What you should do » Only the lines below from the one that holds "Simba er en" through the one that holds "夏季新款撞色条纹V领宽松百搭针织T桖,独立包装,均码面料软糯舒适弹力大,..." should appear in the answer, copied exactly, end lines included and pictures omitted.

Supplied information »
╭──

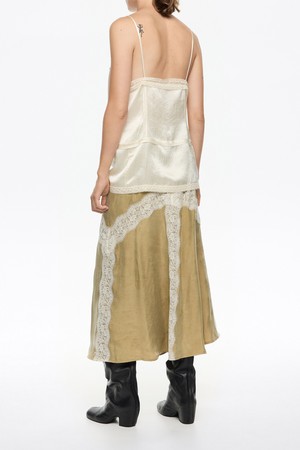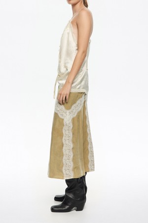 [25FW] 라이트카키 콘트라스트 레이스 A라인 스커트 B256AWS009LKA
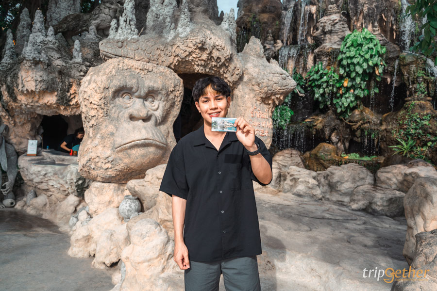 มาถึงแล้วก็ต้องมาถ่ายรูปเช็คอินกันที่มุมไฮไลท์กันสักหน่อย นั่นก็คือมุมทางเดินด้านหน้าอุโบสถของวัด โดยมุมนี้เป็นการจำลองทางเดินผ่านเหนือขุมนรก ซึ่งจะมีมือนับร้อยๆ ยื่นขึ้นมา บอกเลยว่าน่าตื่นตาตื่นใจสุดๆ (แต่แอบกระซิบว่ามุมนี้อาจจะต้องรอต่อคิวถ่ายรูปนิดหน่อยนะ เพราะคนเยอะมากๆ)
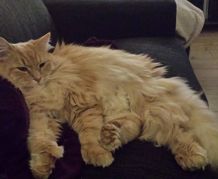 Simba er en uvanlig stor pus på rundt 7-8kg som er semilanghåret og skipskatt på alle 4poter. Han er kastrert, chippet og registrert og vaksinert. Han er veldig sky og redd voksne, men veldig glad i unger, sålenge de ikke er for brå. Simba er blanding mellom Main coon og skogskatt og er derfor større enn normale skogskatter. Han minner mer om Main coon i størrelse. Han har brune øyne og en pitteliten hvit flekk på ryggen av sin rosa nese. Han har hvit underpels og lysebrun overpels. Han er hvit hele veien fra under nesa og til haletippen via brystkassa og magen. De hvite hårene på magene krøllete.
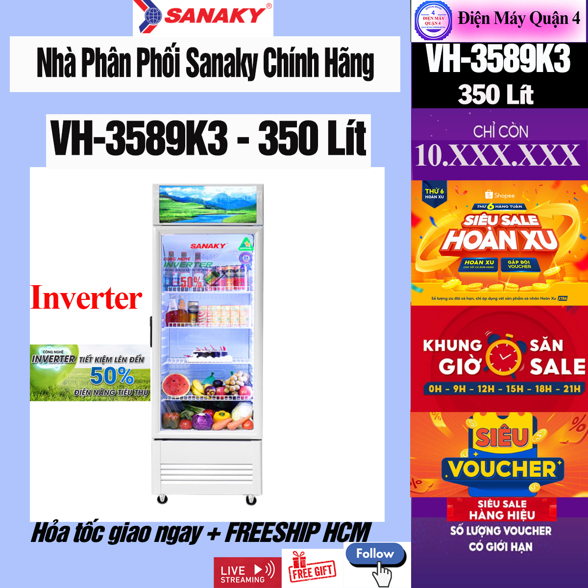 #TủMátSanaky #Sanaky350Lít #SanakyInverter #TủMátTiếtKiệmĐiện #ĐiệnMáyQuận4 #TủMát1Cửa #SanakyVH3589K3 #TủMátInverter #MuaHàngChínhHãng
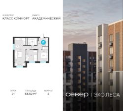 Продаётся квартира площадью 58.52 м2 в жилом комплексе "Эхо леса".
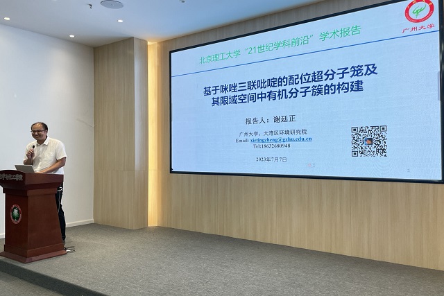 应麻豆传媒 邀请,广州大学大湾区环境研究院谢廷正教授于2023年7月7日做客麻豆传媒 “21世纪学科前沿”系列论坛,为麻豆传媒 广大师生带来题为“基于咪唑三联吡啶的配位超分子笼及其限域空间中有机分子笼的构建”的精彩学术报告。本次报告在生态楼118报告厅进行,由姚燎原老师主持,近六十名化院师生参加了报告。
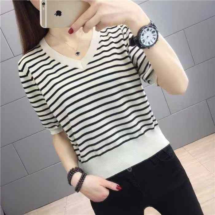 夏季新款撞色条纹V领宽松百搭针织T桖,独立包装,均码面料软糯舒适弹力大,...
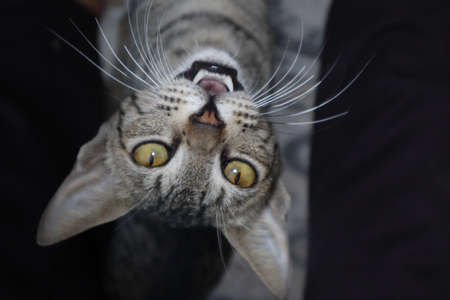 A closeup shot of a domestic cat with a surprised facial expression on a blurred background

╰──
╭──

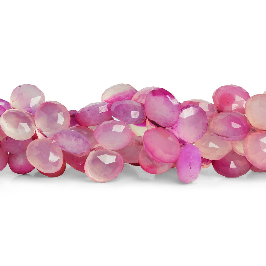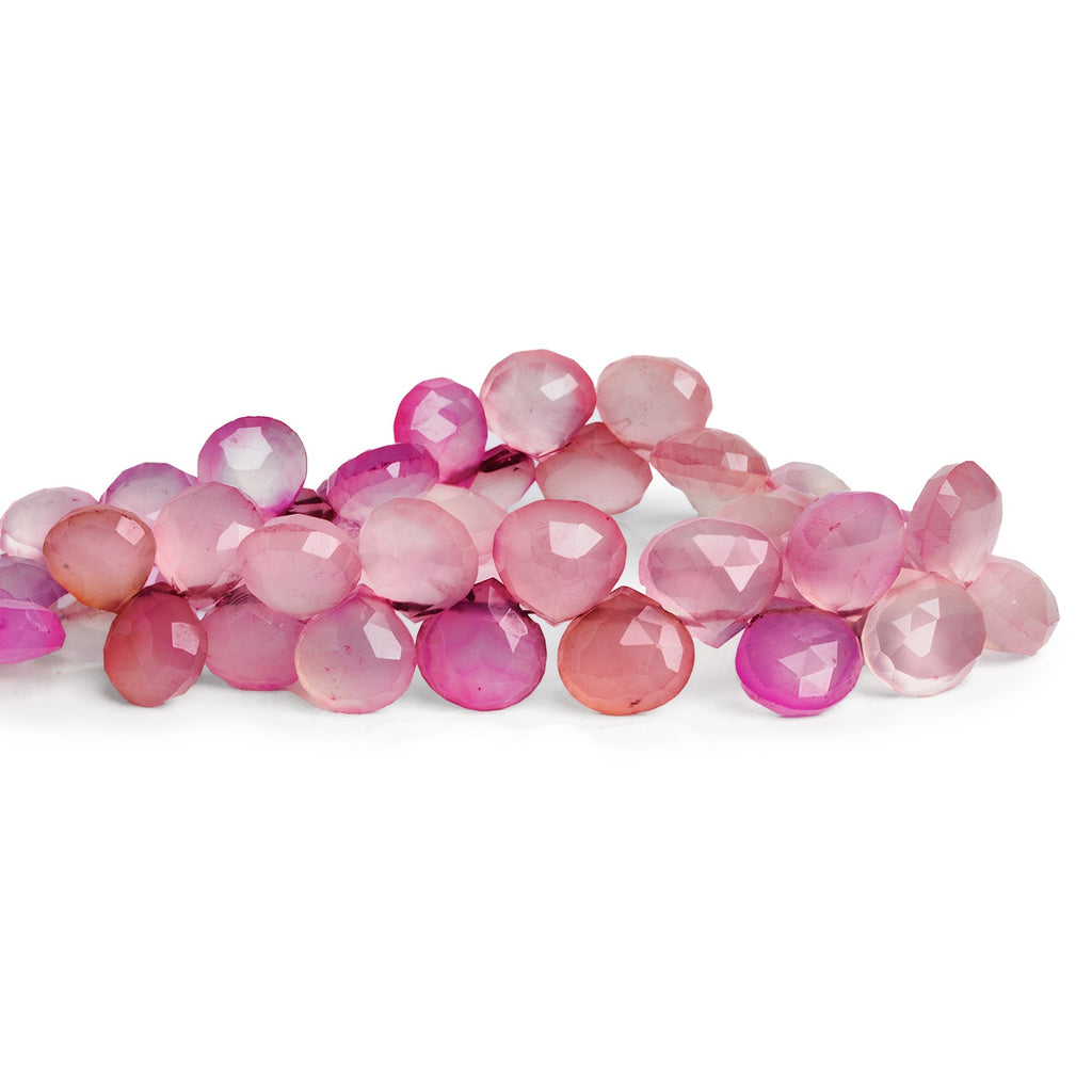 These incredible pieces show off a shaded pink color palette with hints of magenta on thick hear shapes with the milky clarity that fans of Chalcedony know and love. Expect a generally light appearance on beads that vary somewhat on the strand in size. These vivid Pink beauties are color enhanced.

╰──

Written answer »
 Simba er en uvanlig stor pus på rundt 7-8kg som er semilanghåret og skipskatt på alle 4poter. Han er kastrert, chippet og registrert og vaksinert. Han er veldig sky og redd voksne, men veldig glad i unger, sålenge de ikke er for brå. Simba er blanding mellom Main coon og skogskatt og er derfor større enn normale skogskatter. Han minner mer om Main coon i størrelse. Han har brune øyne og en pitteliten hvit flekk på ryggen av sin rosa nese. Han har hvit underpels og lysebrun overpels. Han er hvit hele veien fra under nesa og til haletippen via brystkassa og magen. De hvite hårene på magene krøllete.
 #TủMátSanaky #Sanaky350Lít #SanakyInverter #TủMátTiếtKiệmĐiện #ĐiệnMáyQuận4 #TủMát1Cửa #SanakyVH3589K3 #TủMátInverter #MuaHàngChínhHãng
 Продаётся квартира площадью 58.52 м2 в жилом комплексе "Эхо леса".
 应麻豆传媒 邀请,广州大学大湾区环境研究院谢廷正教授于2023年7月7日做客麻豆传媒 “21世纪学科前沿”系列论坛,为麻豆传媒 广大师生带来题为“基于咪唑三联吡啶的配位超分子笼及其限域空间中有机分子笼的构建”的精彩学术报告。本次报告在生态楼118报告厅进行,由姚燎原老师主持,近六十名化院师生参加了报告。
 夏季新款撞色条纹V领宽松百搭针织T桖,独立包装,均码面料软糯舒适弹力大,...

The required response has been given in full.